(Work required): What is needed is a word-for-word transcript of the listing, free of pictures.

(Available data):
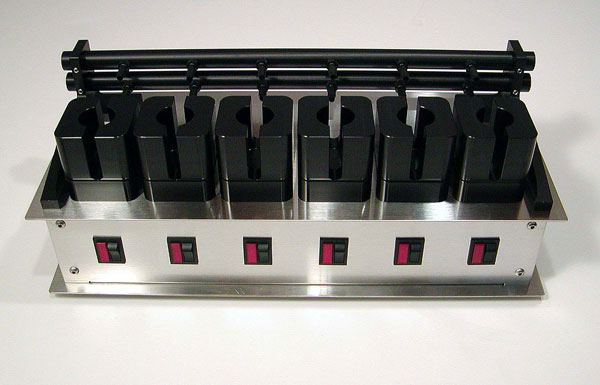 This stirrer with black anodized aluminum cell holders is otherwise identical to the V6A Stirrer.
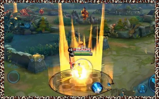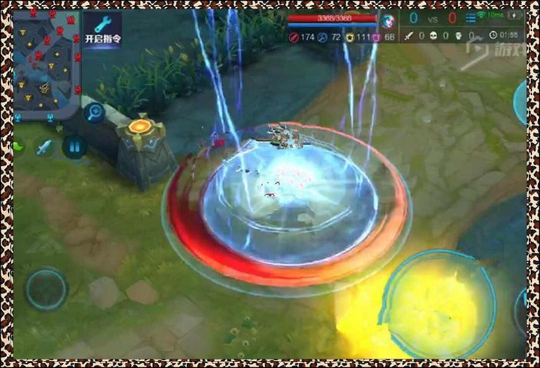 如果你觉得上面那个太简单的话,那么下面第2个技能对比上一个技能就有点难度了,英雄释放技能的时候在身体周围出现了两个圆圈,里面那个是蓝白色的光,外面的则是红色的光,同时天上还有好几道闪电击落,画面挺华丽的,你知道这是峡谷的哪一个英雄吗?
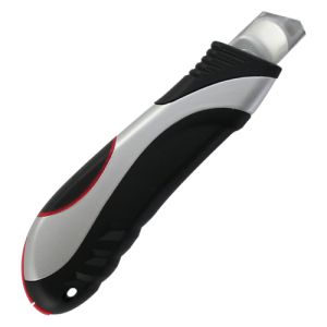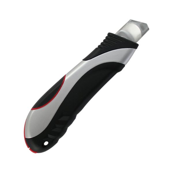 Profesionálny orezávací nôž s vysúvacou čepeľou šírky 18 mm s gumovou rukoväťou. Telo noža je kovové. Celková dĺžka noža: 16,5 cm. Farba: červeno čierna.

(Result of the exercise):
 This stirrer with black anodized aluminum cell holders is otherwise identical to the V6A Stirrer.
 如果你觉得上面那个太简单的话,那么下面第2个技能对比上一个技能就有点难度了,英雄释放技能的时候在身体周围出现了两个圆圈,里面那个是蓝白色的光,外面的则是红色的光,同时天上还有好几道闪电击落,画面挺华丽的,你知道这是峡谷的哪一个英雄吗?
 Profesionálny orezávací nôž s vysúvacou čepeľou šírky 18 mm s gumovou rukoväťou. Telo noža je kovové. Celková dĺžka noža: 16,5 cm. Farba: červeno čierna.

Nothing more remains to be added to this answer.